— Рад, рад от души, — сказал пан Заглоба. — Нам, старикам, весьма приятно видеть, что молодежь нас достойна.
— Пока нет, — возразил Нововейский.
— Ну что ж, такая скромность тоже похвальна, — сказал пан Заглоба. — Глядишь, скоро тебе и людей дадут под начало.
— А как же! — воскликнул Володыёвский. — Он уже не раз верховодил в сражениях.
Пан Нововейский снова принялся крутить «усы», да так, что казалось, вот-вот оторвет губу.
Бася, не сводя с него глаз, поднесла ко рту руки, повторяя все его жесты.
Но смекалистый солдат заметил вскоре, что взгляды всей компании устремлены на сидящую за его спиной барышню, ту, что при нем спрыгнула с лестницы, и он тотчас догадался, что девица над ним потешается.
Как ни в чем не бывало, Нововейский продолжал разговор, не забывая и про «усы», но вдруг неожиданно обернулся, да так быстро, что Бася не успела ни опустить рук, ни отвести от него взгляда.
Она покраснела от неожиданности и, сама не зная, что делает, встала со скамейки. Все смутились, наступило неловкое молчание.

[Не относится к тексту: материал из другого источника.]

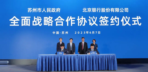 6月7日,蘇州市政府與北京銀行簽署全面戰(zhàn)略合作協(xié)議,北京銀行蘇州分行、數(shù)字人民幣創(chuàng)新實(shí)驗(yàn)室同步揭牌。江蘇省委常委、蘇州市委書記曹路寶,北京銀行黨委書記、董事長霍學(xué)文出席活動。

Вдруг Бася хлопнула рукой по платью.
— Опять конфуз! — воскликнула она.
— Милостивая сударыня, — с чувством сказал Нововейский, — я уже давно заметил, что за моею спиною кто-то надо мной посмеяться готов. Признаться, я давно об усах мечтаю, но коли я их не дождусь, то лишь оттого, что суждено мне пасть на поле брани за отчизну, и питаю надежду, что тогда не смеха, а слез твоих удостоюсь.

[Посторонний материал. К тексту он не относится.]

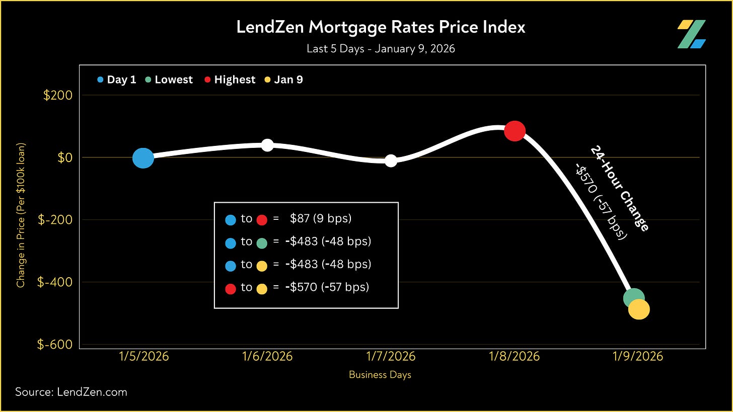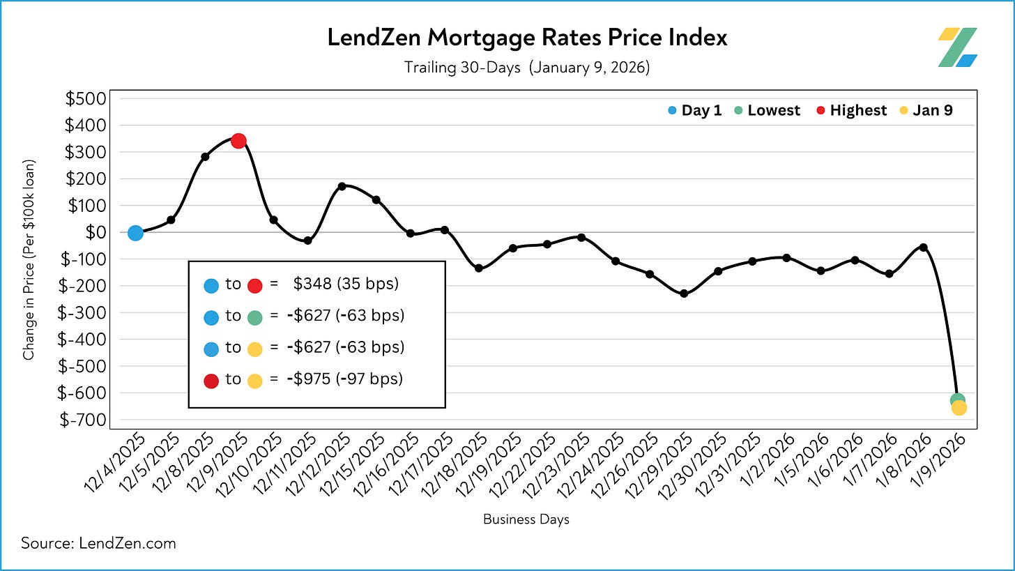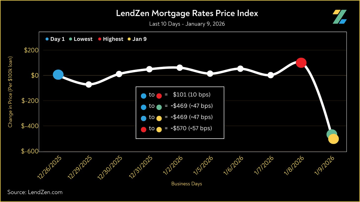 Since December 26, the price of mortgage rates decreased 47 basis points, as seen in the 10-Day chart below.

Бася стояла, потупив взгляд, смущенная искренними словами рыцаря.
— Ты, сударь, должен ее простить, — сказал Заглоба. — Молодо-зелено, но сердце у нее золотое!

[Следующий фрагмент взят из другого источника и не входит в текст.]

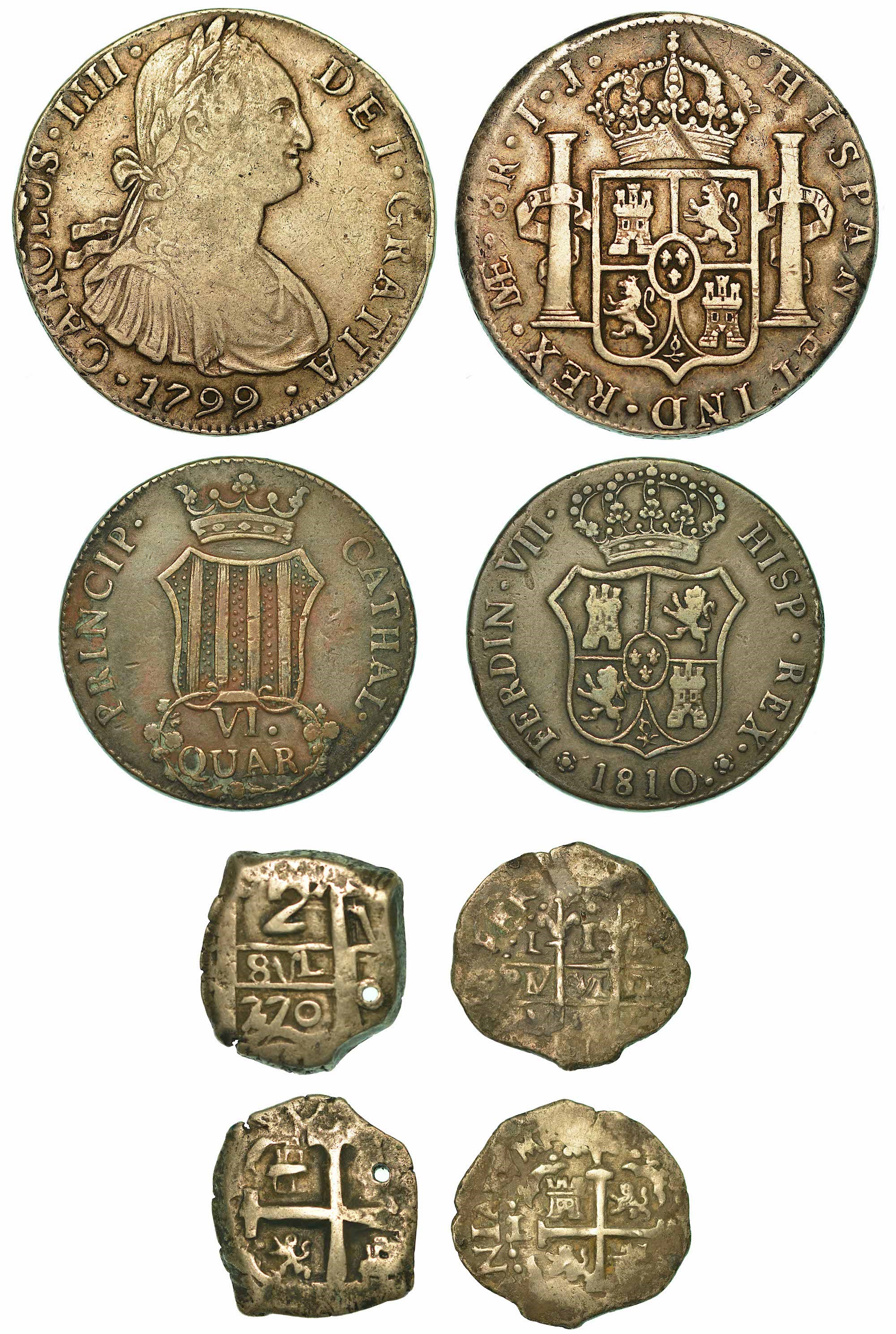 FELIPE V, 1700-1746. 2 Reales. g. 6,70. Arg. q.BB (foro) - Real. g. 2,91. Arg. MB/BB - CARLOS IV, 1788-1808. 8 Reales 1799 (Lima). g. 26,40. Arg. MB/BB - FERNANDO VII, 1808-1833. 6 Quartos 1810 (Barcellona). 14,36. Rame. q.BB

А она, словно в подтверждение слов пана Заглобы, тихонько прошептала:
— Простите… Я не хотела обидеть…
Пан Нововейский мгновенно взял обе ее руки в свои и осыпал их поцелуями.
— Бога ради! Успокойтесь, умоляю. Я же не barbarus «Варвар (лат.).» какой. Это мне следует просить прощенья за то, что веселье вам испортил. И мы, солдаты, страх как всякие развлеченья любим. Mea culpa «Моя вина (лат.).». Дайте еще раз поцеловать ваши ручки, полно, не прощайте меня подольше, я и до ночи целовать их готов.
— Вот это кавалер, видишь, Бася! — сказала пани Маковецкая.
— Вижу! — ответила Бася.
— Стало быть, вы меня простили, — воскликнул пан Нововейский.
Сказав это, он выпрямился и начал по привычке молодцевато подкручивать «ус», а потом, спохватившись, разразился громким смехом; вслед за ним засмеялась Бася, за нею и остальные. У всех отлегло от сердца. Заглоба велел принести из погреба пару бутылок, и пошло веселье.
Пан Нововейский бряцал шпорами и ерошил свой чуб, бросая на Басю пламенные взгляды. Девушка ему очень нравилась. Он сделался необыкновенно словоохотлив, а побывав при гетманском дворе, повидал немало и многое мог рассказать.
Вспомнил он и о конвокационном сейме, о том, как в сенатской палате под натиском любопытных всем на потеху обвалилась печь… Уехал он лишь после обеда. Помыслы его были только о Басе. Она все стояла у него перед глазами.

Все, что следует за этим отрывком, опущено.